Bill CORDRAY – USA – né en 1945

bill Cordray
La définition d’adopté ne me correspond pas réellement.
Mes parents ne m’ont pas légalement adopté. Ma mère ne m’a pas confié à une autre famille. Néanmoins, je me suis longtemps considéré comme « émotionnellement adopté ». Comme un adopté, je ne connais pas mes racines. Enfant, j’ai vécu avec des secrets et des mensonges. Adolescent, je me suis construit une identité confuse. En tant qu’adulte, je ressens de la colère devant le pouvoir de l’institution arrogante qui me refuse l’accès à ma propre généalogie.

Comment me décrire et qui suis je ? Il n’y a aucun qualificatif satisfaisant pour décrire des personnes comme moi. Aux USA, le corps médical nous avait étiquetés « AID children » abréviation de « issus d’insémination artificielle par donneur ». Puis nous sommes devenus « DI children » pour éviter la confusion terrifiante avec les initiales AIDS du SIDA. Encore plus tard, nous sommes devenus « les progénitures » et finalement des « issus des techniques d’aide médicales à la procréation » ou « bébés éprouvettes » ou même « sperms ». Toutes ces étiquettes ont contribué à nous déshumaniser, à nous classer dans un groupe d’individus à part, dont les droits fondamentaux sont bafoués. Je veux crier comme Elephant Man « je suis un être humain »!

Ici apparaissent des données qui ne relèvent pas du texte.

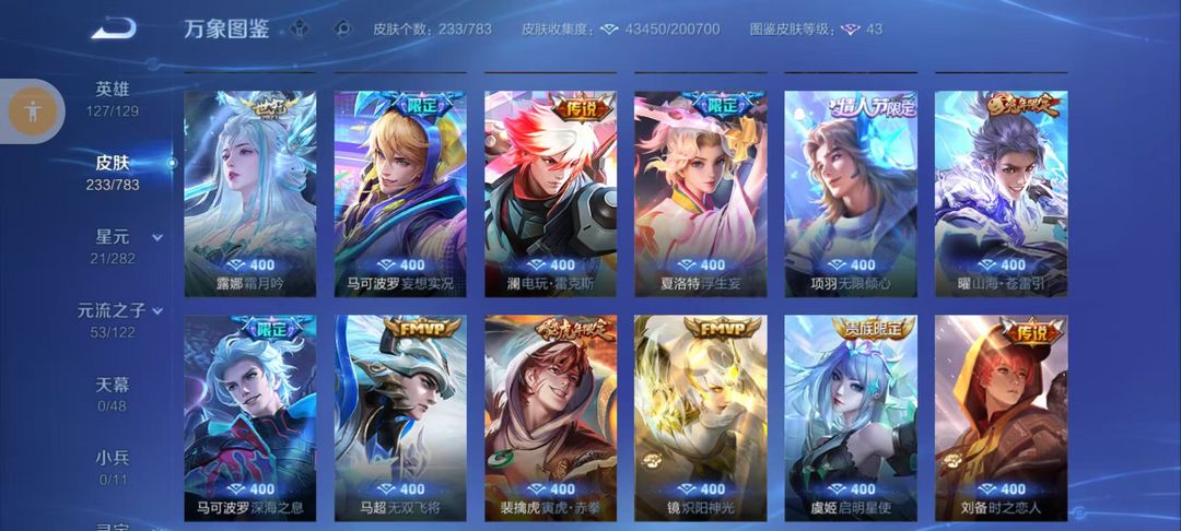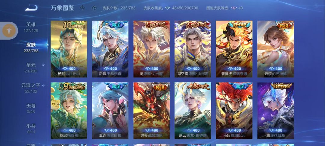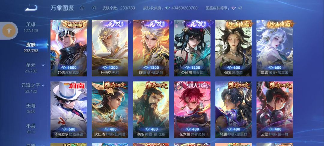 扫码登录。VIP10。385皮肤,七水,四星元,双王者之证!武则天神域,李白荣耀典藏,全息碎影,全符文,各种限定,各种机甲,皮肤都有,绝对满足各位
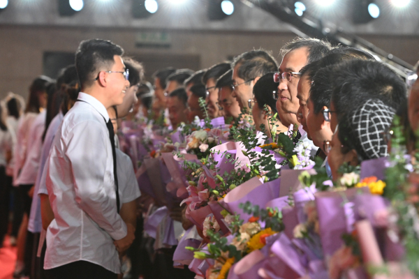 正值第39个教师节,王春春书记、陈发棣校长为广大南农教师送上节日问候,同时为新生代表佩戴万象城awcsport官网徽章。新生还为校院领导、学生工作相关部门负责人和各学院教师代表献上鲜花。
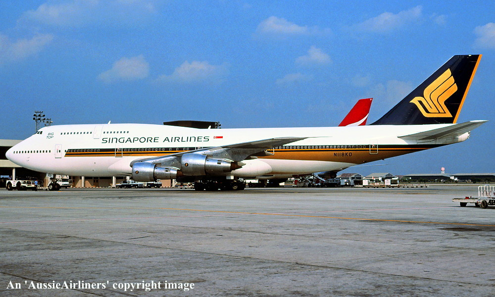 N118KD. Singapore Airlines - in the revised livery with additional 'Big Top' titles at Bangkok Don Mueang Airport, February 1994. (R. N. Smith Collection Copyright Image 4631-343.) |
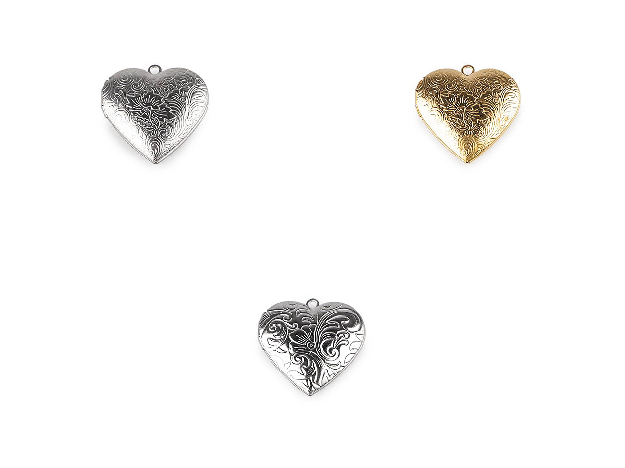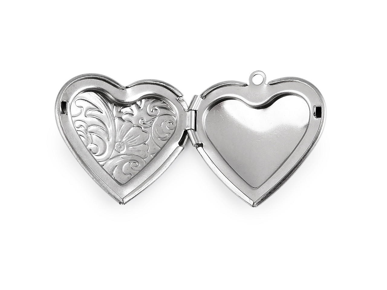 Roztvárací medailón srdce ocenia hlavne romanticky založené duše. Je vyrobený z kvalitnej nerezovej ocele , vďaka precíznemu spracovaniu je prívesok veľmi luxusný a pútavý. Dovnútra môžete nalepiť mini fotografie svojich blízkych a mať ich tak neustále pri sebe. Má vysoký zrkadlový lesk . Je vhodný i ako svadobný darček, darček pre vašich blízkych. Prívesok sa môže nosiť na krku, ale napríklad aj na kľúčenke, kabelke a pod. Uzatvára sa zacvaknutím. Zadnú stranu má hladkú. Očko prívesku je pevné, na zavesenie sa bude hodiť šlupna . Vnútorné rozmery sú rozmery pre fotografiu, aby sa dala vlepiť. Prívesok č. 1 a 2 je obojstranný, prívesok č. 3 má zadnú stranu hladkú.
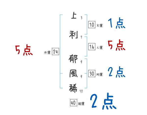 | 外運  | 上利郁風稀さんの外運は24画の5つ星!家庭運が良く順調な人生。金運にも恵まれる。生活面を象徴する運勢です。外部から受ける影響力を表し、結婚運、家庭運や職場、環境への順応性を表します。 |
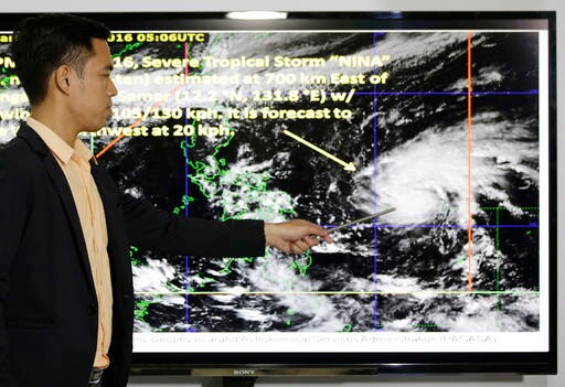 MANILA, Philippines (AP) — A powerful typhoon is on its way to slam into the eastern Philippines on Christmas Day as officials struggled to divert people's attention from family celebrations and travel. A provincial governor offered roasted pigs to entice villagers to move to emergency shelters.
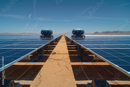 Obraz premium Robotic solar panel installers in a vast desert. Bright sunlight under a clear blue sky. Large scale solar farm. Automated efficiency.
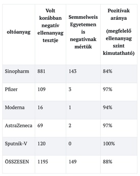 Fontos hangsúlyozni, ezeket a méréseket korábban negatív ellenanyagszinttel rendelkező szelektált populációnál végezte el az intézmény, akiknél mintegy 88%-ban igazolható volt az ellenanyag-pozitivitás. A teljes oltott lakosság esetében egy ezt megelőző vizsgálat minden Magyarországon alkalmazott vakcina esetében 96% feletti pozitivitást mutatott.

La vérité de ma conception m’a été dévoilée à 37 ans, quelques jours après la mort de mon plus jeune frère, issu lui aussi d’un don de sperme. Mon père était décédé un an plus tôt.
Un gynécologue expert en infertilité, avait à l’époque convaincu mes parents que je n’avais pas besoin de savoir la vérité, que je ne suspecterai jamais ce secret de paternité, et que le donneur devait rester anonyme pour toujours.
Alors, mes parents qui souffraient déjà de leur infertilité ont porté ce secret : un lourd fardeau bien inutile. Ils ont sincèrement cru nous protéger, moi et mes deux autres frères conçus par des DI.

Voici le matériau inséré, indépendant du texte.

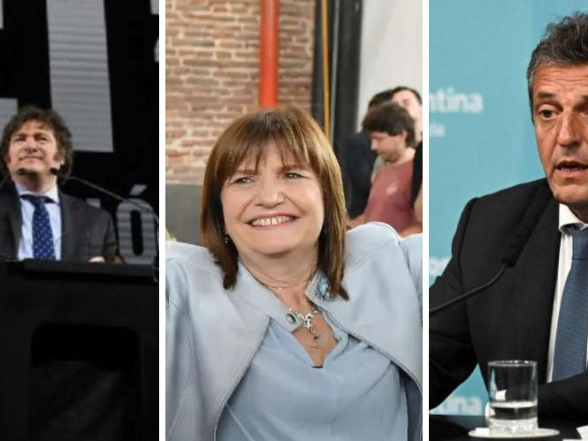 Bullrich, Milei e Massa são os três primeiros colocados nas pesquisas de intenção de voto.
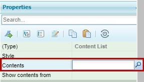 Example: The “Content List” block includes the “Contents” property to select the contents to be shown.
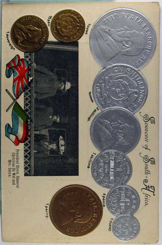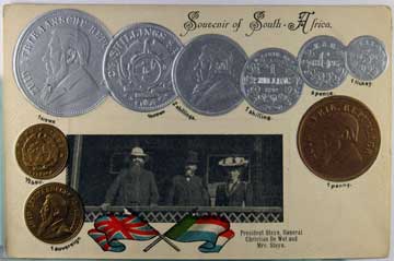 Lot #1269. View Larger | Rotate Coin Card, South Africa, w/ President Steyn UB emb m cor wear F-VF
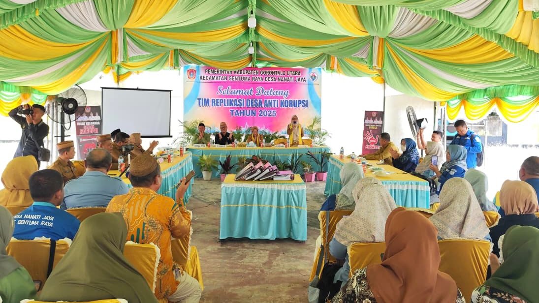 Kab. Gorontalo Utara, Kominfotik – Desa Nanati Jaya, Kecamatan Gentuma Raya, Kabupaten Gorontalo Utara, menjadi salah satu dari tiga desa yang dinilai sebagai percontohan desa antikorupsi di Provinsi Gorontalo. Program kerja sama Komisi Pemberantasan Korupsi (KPK) dengan pemerintahan daerah ini dinilai oleh Tim Replikasi Desa Antikorupsi, Selasa (7/10/2025).
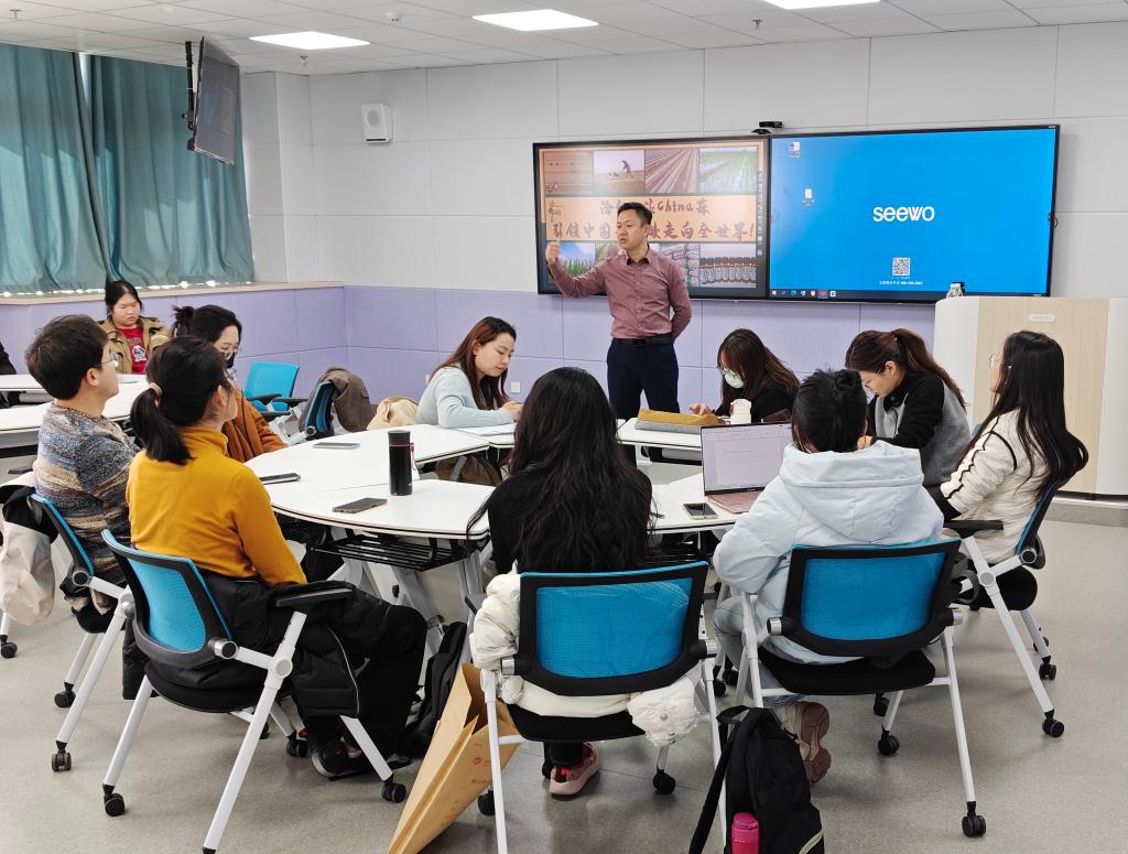莘海东结合其指导的全国获奖项目展开深度分享。他重点解析了南昌师范学院罗小庆团的“‘一线生鸡’——行业标准制定者 乡村振兴‘鸡’先锋”项目和安徽财贸职业学院“‘蒜’我狠——让大蒜破茧成蝶”项目案例,展现了以创新思维破解行业痛点的巨大潜力,展现农业产业链创新的实践价值,也为同学们提供了宝贵的创业启示。

Après avoir passé de longues années à essayer de persuader le corps médical de la légitimité de notre besoin d’origine, nous avons admis que seuls, nous n’y parviendrions jamais. Alors nous avons alerté les médias, et sans relâche, nous avons été à la télévision, avons fait des émissions de radio, parlé avec des journalistes de la presse écrite, participé aux groupes de soutien d’infertilité et aux conférences médicales.

Notre but est de persuader l’opinion de la similitude entre notre situation et celle des adoptés :
nous ne portons, certes, pas la douleur de l’abandon mais comme les adoptés, nous voulons être libre de pouvoir connaître nos origines.